Solution of inequalities

Any school program in mathematics includes material on inequalities. They surround the schoolboy everywhere: in formulas, algebraic axioms and problems. What is inequality and how does the solution of inequalities look like?

Inequality assumes in its condition a distinction between the two parts of the expression. In total, there are two types: strict and non-strict. Non-simple inequalities allow an option in which their parts are equal (in this case, the signs "greater than or equal to" and "less than or equal to" are used). Strict inequalities do not allow the use of answers in which their parts become equal. In this case, the solution of inequalities includes the signs "more", "less" and "not equal".

Most often, the inequalities have a whole range of values in the answer, including both integers and many fractional ones. To give a complete and uniquely correct answer, write down not exact values, but their intervals. The solution of inequalities occurs most often by the method of intervals, where it is checked which part of the coordinate segment satisfies all the conditions that make it possible to form the correct inequality.
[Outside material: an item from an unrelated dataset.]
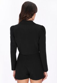 Žena s dlouhými vlnitými hnědými vlasy nosí černé krátké sako ve stylu šatů s kovovými knoflíky, velké náušnice a prsten, pózuje na bílém pozadí.

The answer is written in the form "the unknown belongs to a segment of coordinates with given boundaries". An example of a response record is x Є (7; 10), where the parenthesis indicates a strict inequality, and the square bracket indicates a non-strict (that is, 10 is one of the possible answers, and 7 is not.) If the range of possible solutions to the inequality goes to infinity The sign of infinity in the answer is always allocated with a parenthesis.

Inequalities are many kinds, but the most complex questions arise in two cases: this is a solution of irrational and fractional inequalities.

What is irrational inequality? This inequality, one of whose parts is the root of the function. It looks like this inequality is quite difficult for an inexperienced student, and for many students of mathematical departments. However, the solution of irrational inequalities is quite simple: it is necessary simply to raise all the inequalities to a power at the root of which is one of its parts. It is necessary to observe only one rule: if one of the functions is negative, raising to an even degree distorts the inequality and makes it different from the original by its very essence. Therefore, the solution of irrational inequalities is one of those moments on which the lion's share of the schoolchildren and students being mistaken is mistaken.

The solution of fractional inequalities is also quite simple. A fractional inequality is one in which one of the parts is a fraction. What can be done to make the right decision of fractional inequalities? Simply multiply both sides of the inequality by the denominator of one of the functions. This will bring the function into a simpler form, which allows you to quickly and without much effort calculate the correct range of solutions to the inequality.

There are a huge number of types of inequalities, and the solutions of many of them differ from each other. It is necessary to know and present the correct method of solving each of them in order to be able to make a condition competently, to write down the answer and get high scores for the work. What is the solution of irrational and fractional inequalities? First of all, the fact that simplification is used to solve them by eliminating an inconvenient factor (in one case - the root, in the second - the denominator of the function). Therefore, every student and student is obliged to remember that hardly having noticed in the inequality the root or denominator, he must react and either raise both parts of the inequality to the desired degree, or multiply both sides of the inequality by the denominator. This solution method works in most cases, except for tasks of exceptional complexity (which, by the way, are extremely rare). Therefore, it can be said with certainty that the solution to the inequalities proposed above will be true in almost one hundred percent of cases. Good luck in your studies!